Machine Vision Reveals Previously Unknown Influences Between Great Artists 74
KentuckyFC writes Art experts look for influences between great masters by studying the artist's use of space, texture, form, shape, colour and so on. They may also consider the subject matter, brushstrokes, meaning, historical context and myriad other factors. So it's easy to imagine that today's primitive machine vision techniques have little to add. Not so. Using a new technique for classifying objects in images, a team of computer scientists and art experts have compared more than 1700 paintings from over 60 artists dating from the early 15th century to the late 20 the century. They've developed an algorithm that has used these classifications to find many well known influences between artists, such as the well known influence of Pablo Picasso and George Braque on the Austrian symbolist painter Gustav Klimt, the influence of the French romantic Delacroix on the French impressionist Bazille, the Norwegian painter Munch's influence on the German painter Beckmann and Degas' influence on Caillebotte. But the algorithm also discovered connections that art historians have never noticed (judge the comparisons for yourself). In particular, the algorithm points out that Norman Rockwell's Shuffleton's Barber Shop painted in 1950 is remarkably similar to Frederic Bazille's Studio 9 Rue de la Condamine painted 80 years before.
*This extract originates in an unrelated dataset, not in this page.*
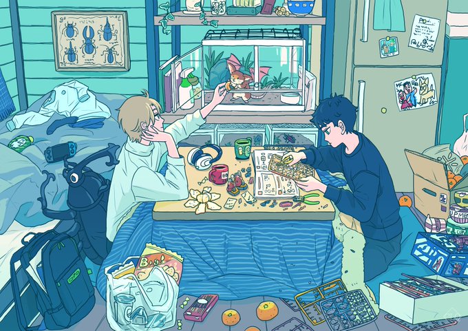 【試験前夜24時】 頑張る前に必要なのは、ほんの少しの気分転換! 「0時だ」 「まずいねぇ」 「…そろそろやる?」 「まだいいよ」 #イラスト #創作男子 #雨 #猫 #ゲーム
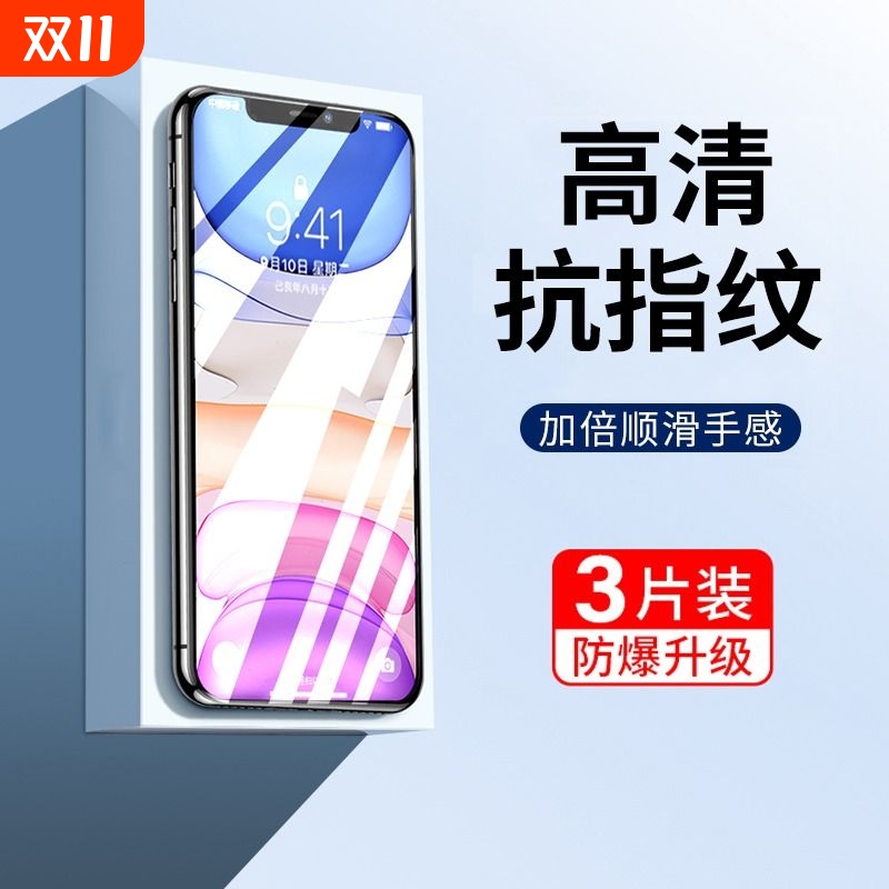 适用苹果11/12/13钢化膜x/xs全屏xr手机pro贴膜promax覆盖mini保护6s玻璃7p黑边max钻石8plus防爆xsmax蓝光ip

Influence vs. similarity (Score:5, Insightful)
What the computer can do is point out what is similar. Whether the similarity is an example of influence then needs to be established with further evidence.
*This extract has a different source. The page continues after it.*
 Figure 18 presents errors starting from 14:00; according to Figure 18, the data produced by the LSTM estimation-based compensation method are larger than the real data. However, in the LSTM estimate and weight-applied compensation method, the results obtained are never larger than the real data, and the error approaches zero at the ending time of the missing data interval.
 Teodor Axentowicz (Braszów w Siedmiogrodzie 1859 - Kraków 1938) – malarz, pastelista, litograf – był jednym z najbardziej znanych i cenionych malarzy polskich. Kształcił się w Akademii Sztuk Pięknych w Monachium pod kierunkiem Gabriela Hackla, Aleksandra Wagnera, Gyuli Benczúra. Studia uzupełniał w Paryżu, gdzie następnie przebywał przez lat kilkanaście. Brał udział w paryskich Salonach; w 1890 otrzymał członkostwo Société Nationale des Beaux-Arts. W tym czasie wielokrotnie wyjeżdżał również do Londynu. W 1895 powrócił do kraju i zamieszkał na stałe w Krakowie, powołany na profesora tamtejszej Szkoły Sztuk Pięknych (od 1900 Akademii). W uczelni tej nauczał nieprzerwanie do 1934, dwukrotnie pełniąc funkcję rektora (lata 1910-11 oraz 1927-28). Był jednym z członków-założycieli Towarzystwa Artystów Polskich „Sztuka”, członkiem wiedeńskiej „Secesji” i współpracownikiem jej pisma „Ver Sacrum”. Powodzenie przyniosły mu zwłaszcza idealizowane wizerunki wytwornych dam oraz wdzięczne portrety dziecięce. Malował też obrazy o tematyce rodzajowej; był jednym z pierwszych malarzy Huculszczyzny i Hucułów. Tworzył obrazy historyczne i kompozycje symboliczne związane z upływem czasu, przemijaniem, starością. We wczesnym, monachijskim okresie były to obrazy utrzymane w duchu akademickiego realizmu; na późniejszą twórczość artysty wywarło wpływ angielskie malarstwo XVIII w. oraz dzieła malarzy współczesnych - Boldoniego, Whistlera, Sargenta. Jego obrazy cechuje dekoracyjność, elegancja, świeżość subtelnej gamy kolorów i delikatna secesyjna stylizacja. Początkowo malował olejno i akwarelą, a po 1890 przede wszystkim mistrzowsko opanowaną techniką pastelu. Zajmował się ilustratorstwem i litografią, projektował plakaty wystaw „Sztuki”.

Similarities seem kind of tenuous (Score:5, Insightful)
I looked at the Rockwell/Bazille comparison, and they don't really seem all that similar - they have three similar elements (stove, chair, and window) but those seem coincidental more than anything. The window in Rockwell's piece, for instance, is small and rectangular while the one in Bazille's is huge and arched. The chair in the Rockwell piece is actually barely identifiable as a chair at first glance, whereas the one in the Bazille piece is immediately recognizable as a wooden chair. They're also three objects that are likely to be close to one another. For instance, my aunt heats with wood and has a stove roughly the same distance from a window as in the Rockwell and Bazille pictures, and if I remember right even has a wooden chair in the same room. I think all this proves is that people tend to put their stoves in rooms with windows and chairs.
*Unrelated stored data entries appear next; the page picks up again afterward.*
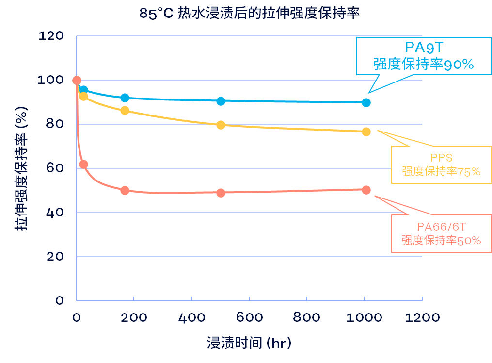 Genestar™(PA9T)兼具低吸水率与较高的玻璃化转变温度,因此在聚酰胺树脂中表现出优异的耐热水性能。即使在接触热水的使用环境下,也有助于保持机械强度并提升部件的长期耐久性。
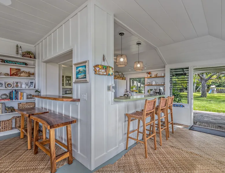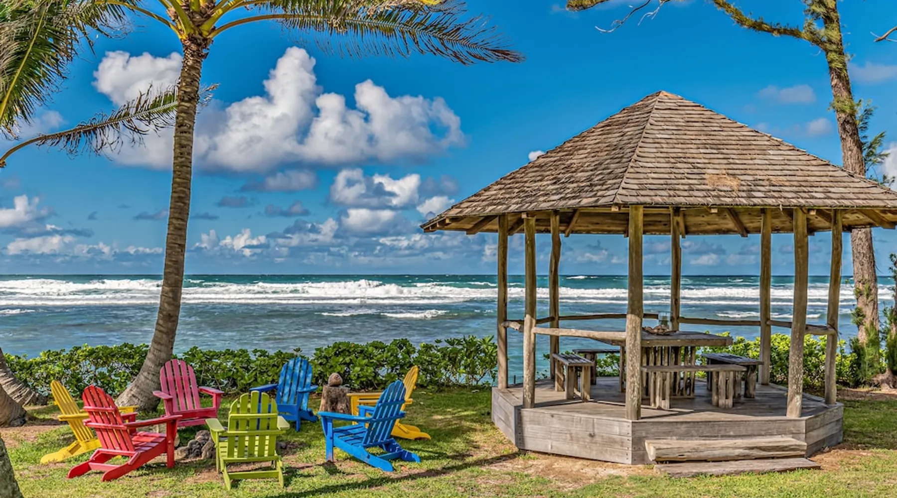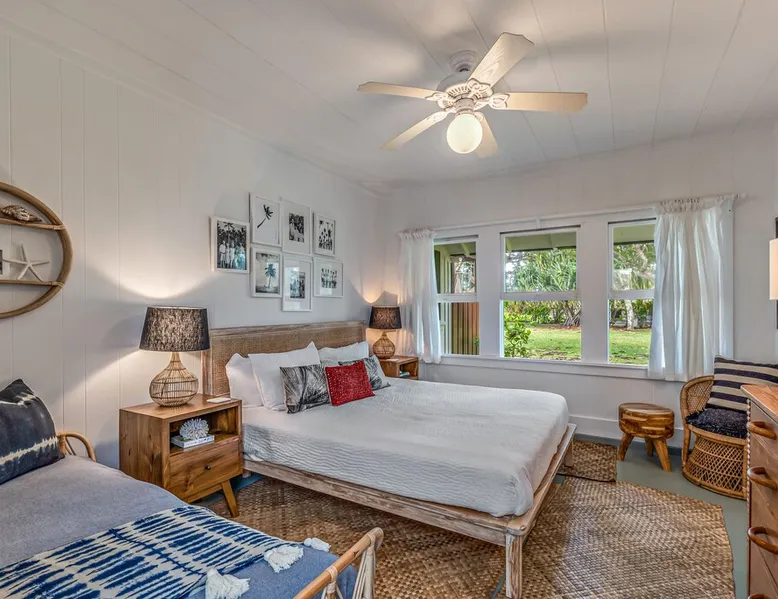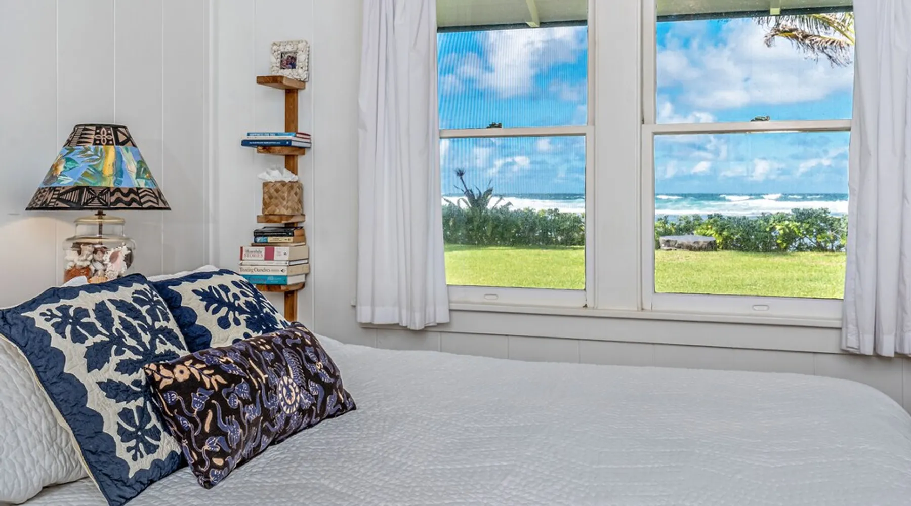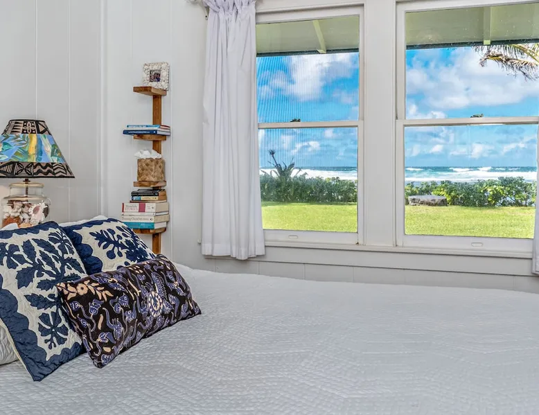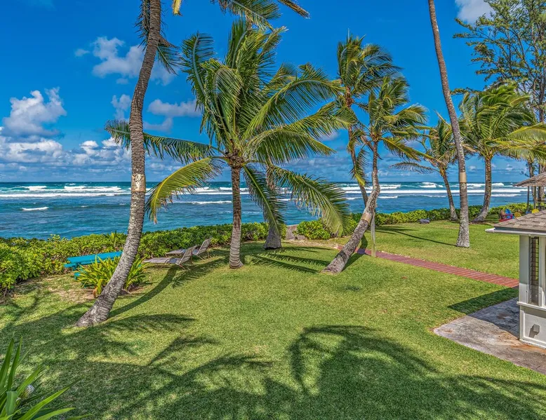 This gorgeous, historically registered, North Shore "country" home was built in 1937 and sits under a magnificent monkey pod tree surrounded by coconut trees. Perfectly located on a secluded calm beachfront, the 1.25 acres are fully fenced and gated on a quiet lane in Waialua (7 minutes from Haleiwa). This special property serves as the ideal family gathering place, complete with kid's play gym and tree swings, multiple indoor and outdoor dining spaces, play all day at the park and the beach without loading up the car! This is the place to step back in time and experience the calm of old Hawaii! The property has a spacious beachfront home with 3 bedrooms and 3 baths. There is also a separate cottage housing a studio bedroom and bunkroom, each with its own bath. The Main House has a large kitchen with views of ocean and backyard. A large great room, TV and day beds provide lots of gathering space. The house has ocean views and 3 bedrooms, each with its own full bath. There is also a separate cottage housing a very large studio bedroom w/ two queen beds, and a custom designed bunkroom, each with its own bath. Bedroom Breakdown: MAIN HOUSE THE MASTER BEDROOM Fall asleep to the sound of the ocean waves on a king size bed. The master bedroom faces the ocean and includes an outdoor shower. BEDROOM 2 Bedroom 2 has a king (1) & twin/single (1) BEDROOM 3 Bedroom 3 has a king (1) & twin/single (1) THE COTTAGE The separate cottage is large and has a king, queen and a twin couch in the sitting area. The full bath has an additional open air outdoor shower- very island style. The furnishings are quality and on par with the main house. The laundry is located in this building. THE BUNKROOM The bunkroom (on the other side of the cottage) has 2 twins and 2 fulls, and its own bathroom. This space is perfect for the kids in a multi-generational family rental DINING SPACES There are five dining areas in this private, beach front home. Outside: gazebo overlooking ocean extra large picnic table trellis dining on round cement table Inside: round wicker table (seats 6) kitchen counter (7 bar stools) card table (seats 4) This is the perfect place for a multi-generational family retreat. Imagine family games, playing horseshoes and barbequing, running down to the waters edge to take a swim, and back up to lounge on the pristine beach. Cant beat the lifestyle this home has to offer! Things to Do: There is little traffic so walks, biking or jogging are ideal. Surf Silvas or the famous North Shore spots. Snorkel with turtles in front of the house. Dine or shop in Haleiwa. Para sail, deep sea fish or dive with sharks out of Haleiwa Harbor. Hike Kaena Point, wind surf, kayak, stand-up paddle up the Haleiwa River. Visit Waimea Bay and Waimea Falls Park. Golf at Turtle Bay, Royal Kunia or Koolina. Or just relax on the hammock. There is something for everyone at Makana at Mokuleia! TMK TA-005-907-2512-01 In compliance with the Ordinances of the City & County of Honolulu, the Property will be made available to you for your use and occupancy for a minimum period of thirty (30) days.
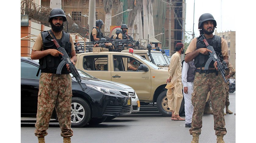 29日,安全人員封鎖巴基斯坦卡拉奇的襲擊現場附近區域。巴基斯坦警方29日證實,4名武裝人員當天襲擊位於巴南部城市卡拉奇的巴基斯坦證券交易所大樓,導致至少5人死亡、6人受傷。4名武裝人員被擊斃。『俾路支解放軍』宣稱實施此次襲擊。巴基斯坦官方尚未就此襲擊事件發表聲明。(新華社發)

I don't see it (Score:4, Insightful)
So...because Rockwell and Bazille's paintings both have windows, people, a chair, and a stove they are influenced by each other? All of these are common things that you would expect in any building in the late 1800s and mid-50s (note the age of the building implies it is not new construction at that time and would definitely still rely on a stove for heating). I guess they are trying to argue that the placement of the items is the connection? Barbershops always have their chairs on one side near the wall, and people tend to put chairs near walls and objects as well, not in the middle of the floor. The right angle formed by the wall and floor and then the pane in the window seems a bit of a stretch, since wouldn't any painting of a man-made structure include right angles at some point?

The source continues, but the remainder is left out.